2.2.2. Development of the knowledge base. The development part will try to
utilize open source resources as much as possible so as not to reinvent
the wheel. The platform will provide a wiki style interface and navigation
to its readers while the underlying network is an abstraction of graph
structures (with actors as nodes and associations/links as vertices).
2.2.3. Data collection, verification and population (entry in the knowledge
base). Data will be collected from newspaper, magazine, book and other
relevant archives. A preliminary survey in select sites will be conducted
to find out the actors that are perceived to be important for that locality
and political spectrum of the country.
2.3.Design and development of editorial best practices. To ensure that only
factual information is available to the public it has to be ensured the claims
and counter-claims submitted to the knowledge base is credible and
verifiable. The editorial mechanism has to account for the publication of
sensitive information. The output will be a framework that adheres to legal
and ethical standards.
2.4.Development of facilities to provide multilingual support. Simple language
specific tools have to be developed for languages other than English. The
proposed work will support creation of content in English and Nepali but it
possesses flexibility to incorporate other languages of Nepal.
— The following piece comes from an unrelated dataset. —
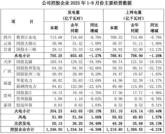 北极星电力网获悉,国投电力公告披露三季度主要经营数据,2025年7-9月,公司控股企业累计完成发电量478.91亿千瓦时,上网电量468.08亿千瓦时,与去年同期相比分别减少14.42%和14.42%。2025年1-9月,公司控股企业累计完成发电量1249.50亿千瓦时,上网电量1219.80亿千瓦时,与去年同期相比分别减少6.36%和6.21%。

This will not
only improve reach and the user experience, as in partial matches during
search, but it will also reduce the burden on administrators.

3. Dissemination
3.1.A series of interactive public discussions on the crisis of accountability in
Nepali public sphere and methods to resolve it.
3.2.Three research/policy briefs (in English and Nepali) each to reflect the
findings from activities mentioned in 1.1, 2.1 and 2.2.1.
3.3.A bibliography on network methods (primarily from sociology and political
sciences), models and social network analysis.

4. Implementation Plan
4.1.

5. Results and Goals


5.1.An interactive, useful, insightful and public knowledge platform will be
provided for facilitating its users to map the networks of public actors and to
understand existing patterns of resource flows in Nepali society,
5.2.A public platform will be created and sustained for enabling the citizens to
make effective demand from public actors more accountable actions and
crucially, away from existing affiliations, patronage and connections.
5.3.Public discussions on the state of accountability and on the effectiveness of
the project developments and findings to intervene on the trend will take
place.

6. Indicators of Success
6.1.Three research/policy briefs based on the knowledge generated during the
project implementation;
6.2.Six public discussions on the crisis in existing accountability regimes; and
6.3.A test model of an accessible and participatory knowledge e-resource on the
networks of public actors in select sites.